Climate a Bigger Challenge Than Recession, China Says
By John Duce
Oct. 7 (Bloomberg) -- China, the world’s biggest polluter, said climate change is a challenge that it shares with the world and is a more formidable one than the global recession.
The world’s third-largest economy is committed to helping fight climate change and has taken “responsible” steps, Vice Minister of Science and Technology Liu Yanhua said at a conference in Hong Kong today, reiterating the stance of President Hu Jintao.
Industrialized economies such as the U.S. and developing countries led by China are deadlocked on how much rich nations should help poor ones deal with climate change and how much wealthy countries should cut emissions. President Hu said last month China will cut emissions in proportion to economic growth, without giving specific targets or goals.
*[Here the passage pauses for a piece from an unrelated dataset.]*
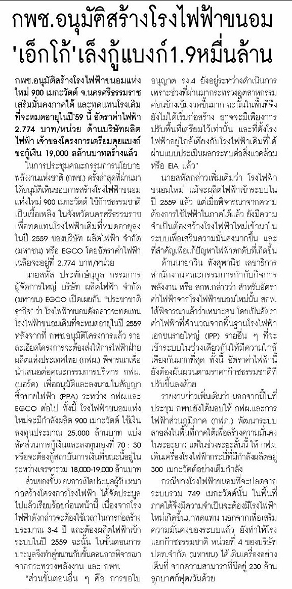 "เอ็กโก"จ่อผุดโรงไฟฟ้าระยอง -- กพช.อนุมัติสร้างโรงไฟฟ้าขนอม จ.นครศรีธรรมราช

“High-ranking members of the government are now publicly saying before the Copenhagen climate-change summit what China is doing to tackle the problem and that it’s prepared to do more,” Yang Ailun, a spokeswoman at environmental group Greenpeace, said by phone from Beijing. “The aim is also to put pressure on countries like the U.S. to make greater commitments to reduce emissions and to counter arguments China’s not doing enough.”
China is among more than 190 nations set to gather in Copenhagen starting Dec. 7 for the final round of talks on a climate accord to replace the Kyoto Protocol, expiring in 2012. The Chinese government has ruled out accepting binding caps on emissions, saying it will tackle climate change by increasing the use of cleaner forms of power and by reducing energy use.
Curbing Emissions
Developed nations should share carbon-reducing technologies with poorer countries to help them cut emissions, Liu said today. He also said developed countries should take the lead in committing to binding emission caps.
India and China would have to “respond very positively” if rich nations such as the U.S. agreed to a goal of cutting emissions by 40 percent from 1990 levels by 2020, India’s environment minister, Jairam Ramesh, said on Aug. 25 in an interview in Beijing where he had met with Xie Zhenhua, China’s top climate-change negotiator.
Meeting India’s negotiating stance would entail an overhaul of climate-change laws in developed countries. In the U.S., legislation passed by the House sets the goal of a 17 percent reduction from 2005 levels by 2020.
Access to Technology
Emerging economies including India have said they need access to funds and technologies such as wind turbines to meet emission curbs and sustain growth.
China is lagging at least 10 years behind the West in the development of energy reduction- and clean electricity- production technology, and richer countries should transfer this know-how to developing nations, said Wang Xiaokang, president of the state-controlled China Energy Conservation Investment Corp., which advises companies on emission and pollution reduction.
China has submitted a plan to develop alternative forms of energy such as wind and nuclear to the Cabinet for approval and may announce the proposal before the Copenhagen talks, Zhou Fengqi, an adviser to the energy research institute at the National Development and Reform Commission, said on Sept. 21.
The New-Energy Development Plan is pending final approval from the State Council, or Cabinet, and will include some revised “bigger and bolder” goals to develop new types of energy, Zhou said.